Gabriel Cristóver Pérez/KUT

From Texas Standard:

Harvard College is facing a major discrimination suit, alleging that its system of considering race as a factor in making admission decisions has systematically excluded some Asian-American applicants in order to hold slots open for students of other races. In 2016, the Supreme Court sided with the University of Texas when a white woman claimed she was denied admission on the basis of race. That case, Fisher v. The University of Texas at Austin, reaffirmed that race *could be used as one factor among many in college admissions." In recent years, that's been the official position of the U.S. Department of Education and the Justice Department.

But that's about to change.

The Trump administration has revoked Obama-era guidelines that supported the use of race as a factor in college admission. The guidelines were just that, and compliance was not mandatory.

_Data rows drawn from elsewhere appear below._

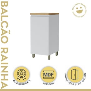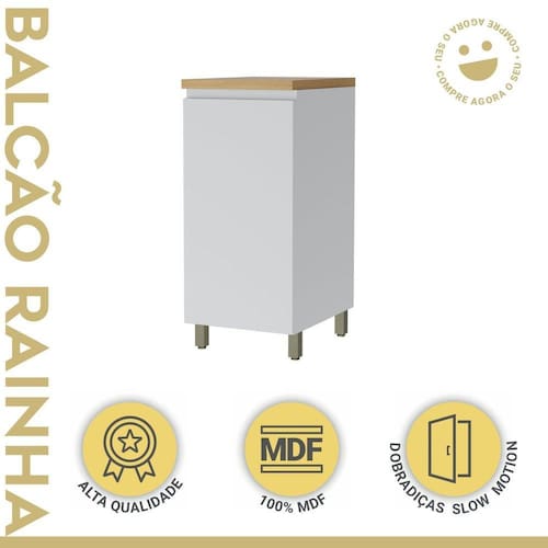 Fita de acabamento e proteção dos topos 100% em polipropileno, assegurando maior proteção contra umidade e melhor acabamento. Suporta Granito: Não Acabamento da Prateleira: Impressão Escala de Brilho da Prateleira: Fosco Acabamento da Porta: Impressão Escala de Brilho da Porta: Fosco Acabamento: Impressão Acabamento dos Pés: Pintura Acompanha Tampo: Sim Altura dos Pés: 10 cm Ambiente Principal: Cozinha Balcão Acompanha Pia: Não Cesto para Frutas: Não Complexidade da Montagem: Média: pode ser montado por mais de uma pessoa e/ou necessite de maior conhecimento para montagem Cor: Branco/Marrom Cor do Produto: Branco/Marrom Escala de Brilho: Fosco Espessura do Material da Estrutura: 15 mm Itens Inclusos: 1 Balcão e manual de montagem. Manual de Montagem e Instalação: https://product-hub-prd.madeiramadeira.com.br/900398/documents/230fa574-de40-4d92-b6d9-90b1076569bfortanesherrainha40cm100mdf.pdf Material da Dobradiça/Corrediça da Porta: Metálica Material da Porta: MDF Material da Prateleira: MDF Material do Tampo: MDF Material dos Pés: Plástico Medida do Tampo (L x C x E): 40cmx52cmx30mm modular: Não Necessita Montagem: Sim Origem do Produto: Nacional Pés Reguláveis: Sim Peso: 24,5 kg Peso Máximo por Prateleira: 10 kg Possui Pés: 04 Possui Portas: Sim Possui recorte para Cooktop: Não Recomendações de Uso, Manutenção e Limpeza: Limpar com pano macio e levemente umedecido. Não utilizar solventes a base e de inflamáveis. Não utilizar produtos abrasivos. Sapatas Niveladoras: Não Sistema de Montagem: Parafusos, cantoneiras e buchas. Suporta Até (kg): 25 kg Tipo de Dobradiça/Corrediça da Porta: 35 mm Tipo de Porta: Bater Tipo de Puxador da Porta: Embutido
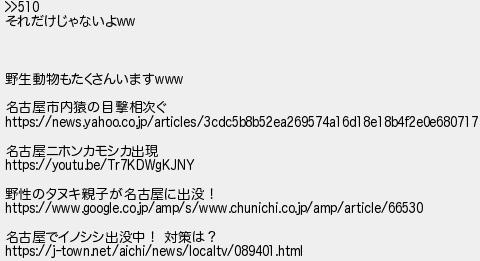 511: (茸) [] 2020/12/26(土) 10:31:41 ID:3Vv+w5Xs >>510 それだけじゃないよww 野生動物もたくさんいますwww 名古屋市内猿の目撃相次ぐ https://news.yahoo.co.jp/articles/3cdc5b8b52ea269574a16d18e18b4f2e0e680717 名古屋ニホンカモシカ出現 https://youtu.be/Tr7KDWgKJNY 野性のタヌキ親子が名古屋に出没! https://www.google.co.jp/amp/s/www.chunichi.co.jp/amp/article/66530 名古屋でイノシシ出没中! 対策は? https://j-town.net/aichi/news/localtv/089401.html http://egg.5ch.io/test/read.cgi/develop/1608277296/511
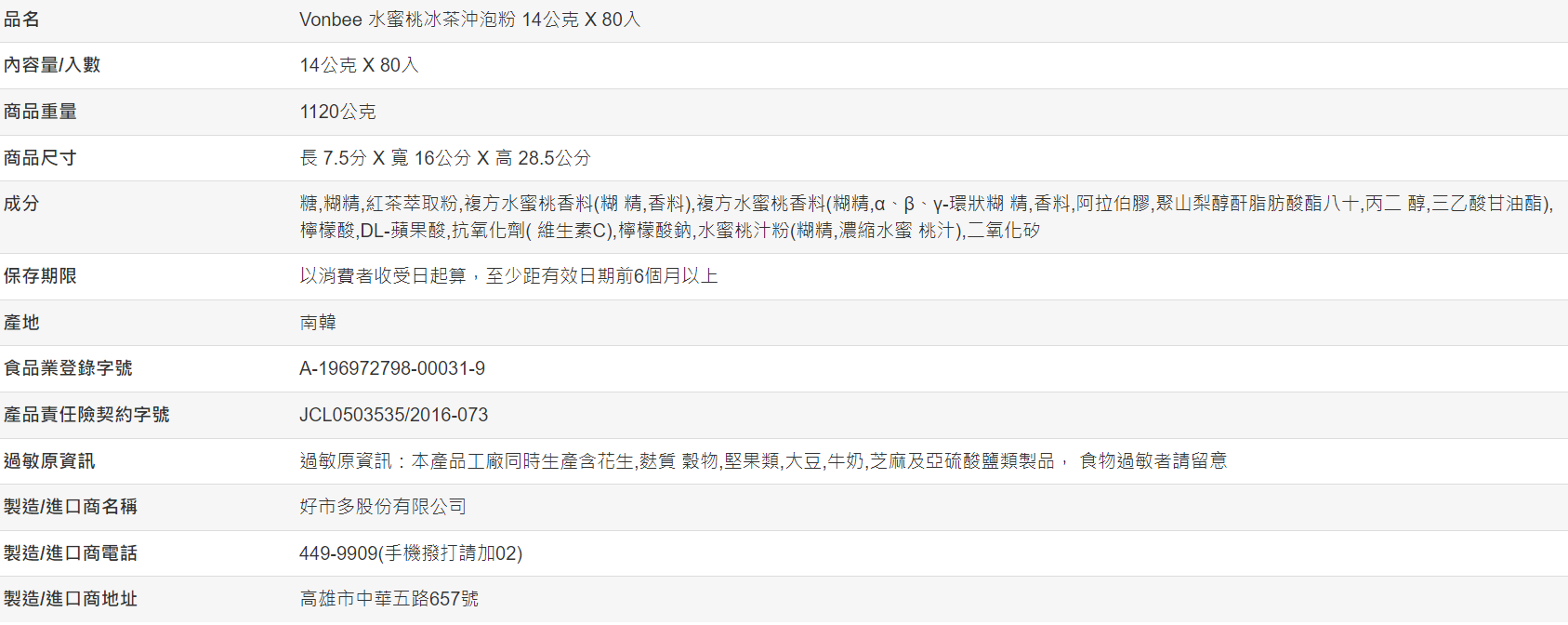 【好市多代購】Vonbee 水蜜桃冰茶沖泡粉 14公克 X 80入
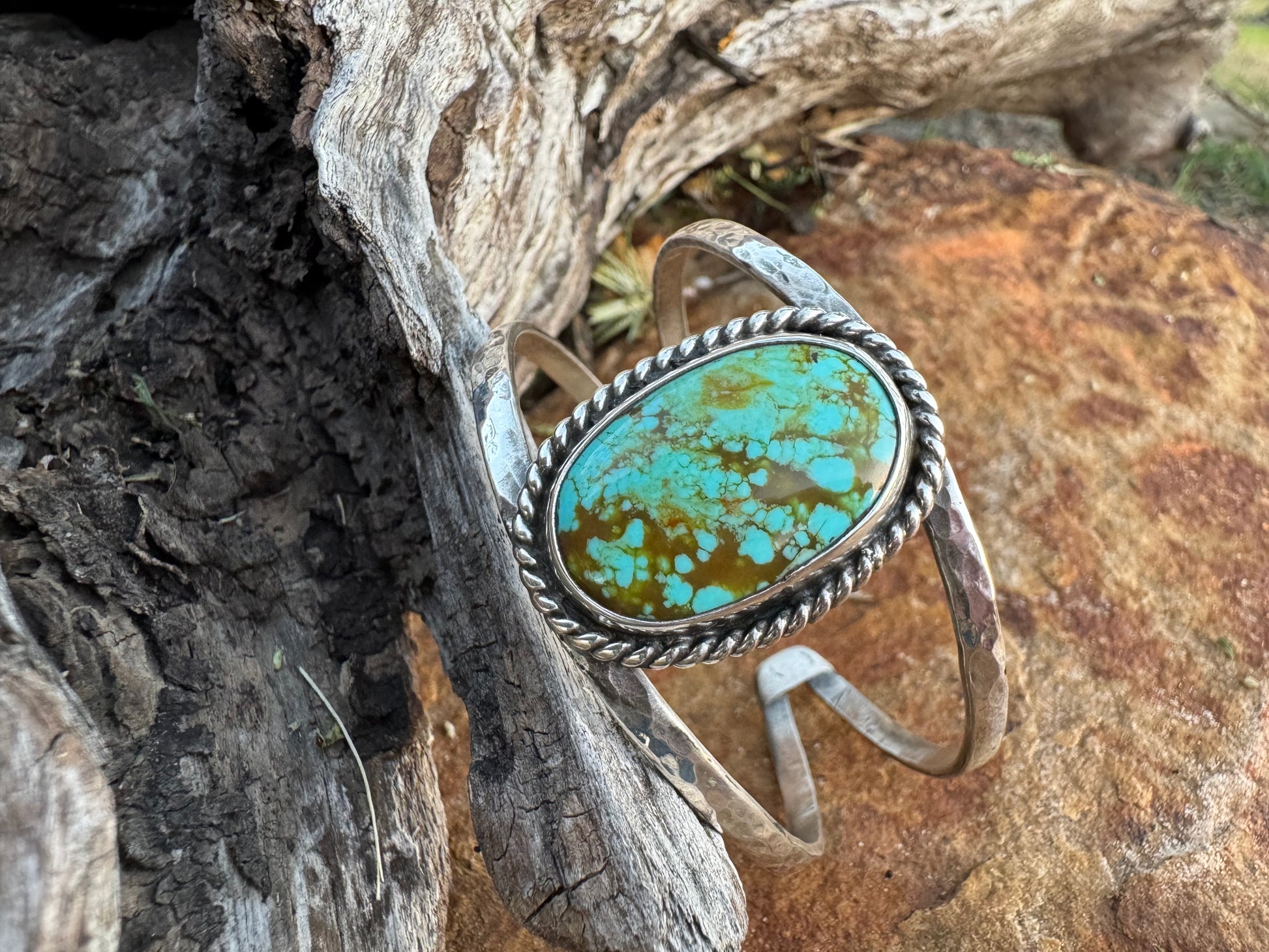 Experience the beauty of nature with our Oval Tyrone turquoise cuff bracelet. The unique twist wire detail showcases the stunning veining of the rare Tyrone turquoise, sourced from a closed mine. The hammered finish on the cuff adds a touch of elegance. Measuring 5.75 inches end to end, this piece is signed and stamped by me, Brandi Going.
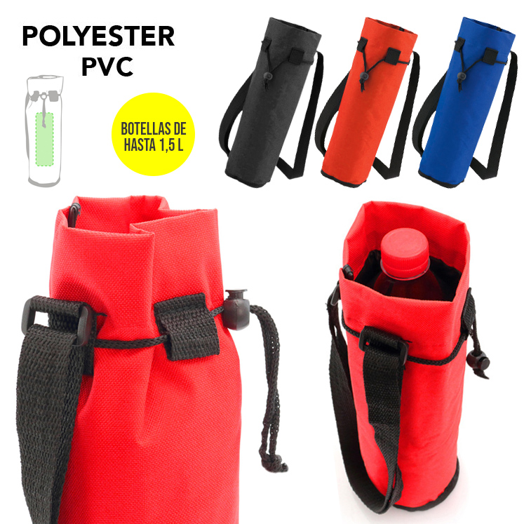 Nevera para botellas de hasta 1,5l en resistente poliéster 600D de vivos colores. Con cierre de cordón y cómoda cinta para hombro en nylon ajustable. Interior isotermo en acabado de PVC. Botellas hasta 1,5 l
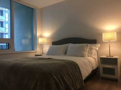 With a chic minimalist style, luxurious finishings and split two bedroom layout, this fantastic 2 bedroom 2 bathroom furnished Liberty Village condo is the perfect downtown abode. Entering the suite you will find the open concept kitchen and living area. Boasting granite counter tops, stainless steel appliances and modern cabinetry. The living area is the perfect place to relax and features direct access to one of the balconies. Thanks to a plush sectional couch, area rug and flat screen TV, the living room is the perfect communal area to entertain your guests. A chic desk and office chair allow you to bring your work home with you if needed. Each bedroom features an elegant bedroom set up as well as fresh linens and a comfortable bed, with the master bedroom boasting a king size bed, a spacious closet as well as a private balcony. Residents at Bliss Condos have access to great building amenities including concierge, a fitness center and rooftop patio with BBQ stations. You will love the local Liberty Village neighbourhood, jam packed with great restaurants and boutique shops. You will have a large variety of coffee shops to choose from including Balzac’s, Second Cup, Starbucks and Tim Hortons. A short walk away you will find and LCBO, Metro and Liberty Village Market. Commuting is easy thanks to the King St street car, Ossington bus and Exhibition Go train all within walking distance. The monthly rate for this rental is $3795 for long term and $3995 for short term, under 1 year. Your rent includes basic cable, 1 underground parking space, water, internet and hydro/electricity. A one time move out cleaning fee of $195 applies. Rent it Furnished provides full property management services in Toronto. Not all properties listed with us are professionally managed by our company and pricing, terms and availability is subject to change.

Michael Olivas is the William B. Bates Distinguished Chair in Law at the University of Houston Law Center, and director of the Institute for Higher Education Law and Governance. He is the author of "Suing Alma Mater: Higher Education and the Courts." He says the administration's latest action fits a pattern.

"What it does is continue the Trump administration's policy of 'anything that's Obama-related has just got to be bad,'" Olivas says. "There is nothing material that has occurred, including this much-touted case at Harvard, that makes any difference in the political stance."

Olivas says the Obama guidance on race-based admissions was carefully arrived-at, and nuanced. He points out that the current Harvard case hasn't been decided – it's currently in the discovery stage.

The University of Texas said after the Trump administration's action, that it would not be changing its current admissions' policies.

Olivas says he doubts that other colleges will change current admission policies in response to the administration's guidance rollback, because college enrollments are down, and institutions need to attract as many students as they can.

"I think that the issue of affirmative action is well-established,  – it has been since 1977 – and there's nothing that has occurred that makes any difference right now," he says.